Torah generally prohibits murder, though allows killing of enemies. To kill an enemy while defending oneself or the dear ones is reasonable: the aggressor’s life is taken to avoid extinguishing one’s own life. Torah, however, permits and even encourages taking enemies’ lives in expansionist war. Proper expansionist wars defend core values of Jews, their spiritual essence rather than their bodies. Expanding the land of Israel is sufficiently important that the prohibition of murder is lifted. History gives no right to the land. Rather, countries are acquired with actionable systems of values and the will to fight.
It is ridiculous to claim the land because the nation lived there nineteen centuries ago. Jewish connection to the Land of Israel, however, never ceased. Jews prayed to Jerusalem and dreamed to return there. We didn’t abandon the land two millennia ago, but took the land with us into Exile and kept it in our hearts. Arabs settled the physical hills, but the real hills of Judea were in Jewish ghettos. We carried Jerusalem with us as our ancestors had carried the tabernacle. These arguments are important for Jews but mean nothing to Arabs. Naturally, they don’t care about our souls and longings. Jews want this land because we have always lived in it, physically or spiritually. Jews are powerful enough to take the land from Arabs whatever they think of our moral arguments.
Is an approach based solely on power immoral? That depends on your definition of morality. In the theoretical milieu where nations show compassion to each other and value others’ interests before their own, power as a sole benchmark of relations is immoral. If, however, morality is defined as historically acceptable behavior, then balance of power is the only moral approach – and the one the Arabs subscribe to. At most, nations mitigated power considerations based on their system of values – not their opponents’. Jews, from their perspective, conduct a highly moral war for religiously and ideologically significant land. What does the enemy think, we don’t care.
What is the alternative to Jewish claim to the land? Arabs never settled Palestinian lowlands which are the core of modern Israel. Arabs began developing the plains only during the late nineteenth-century citrus boom. Few notables, not Arab communities owned the plain – unlike the hills areas held by Arab villages as communal homestead property.
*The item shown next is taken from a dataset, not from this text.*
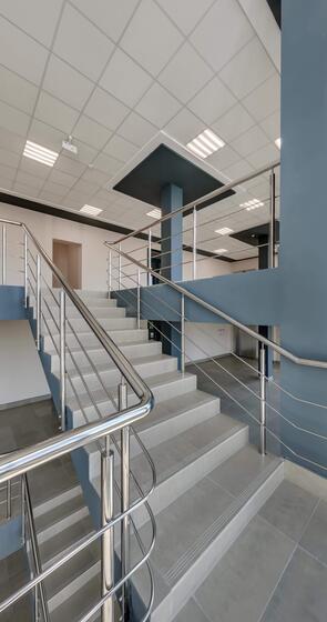 vertical loop rotation and panoramic view on emergency stairs in empty modern hall with columns, doors and panoramic windows overlooking the city. Free Video

Palestinian Arabs lack any trait of a nation: dialect, culture, music, or law. Their system of governing amounted to village autonomy, a far cry from framework of a state. Palestinians now act like a nation and should be dealt with as a nation, but Jews need not recognize their fake national aspirations.
Chicago is a distinctive city but clearly not entitled to statehood. Spain rejects nationhood for Basques, Russia – for Chechens, Turkey – for Kurds, and America – for Red Indians. Even a long history, administrative autonomy, distinctive language and culture do not automatically allow for statehood. What does allow? Power. The ability to claim and realize one’s rights. Viability. In 1948, Americans realized Jews as smart, distinctive, hardworking – but thought us not viable, thus remained skeptical about establishing Jewish state. We proved ourselves viable in several wars, and America changed its attitude. Palestinian Arabs failed to stage a single decent revolt, and don’t deserve a state.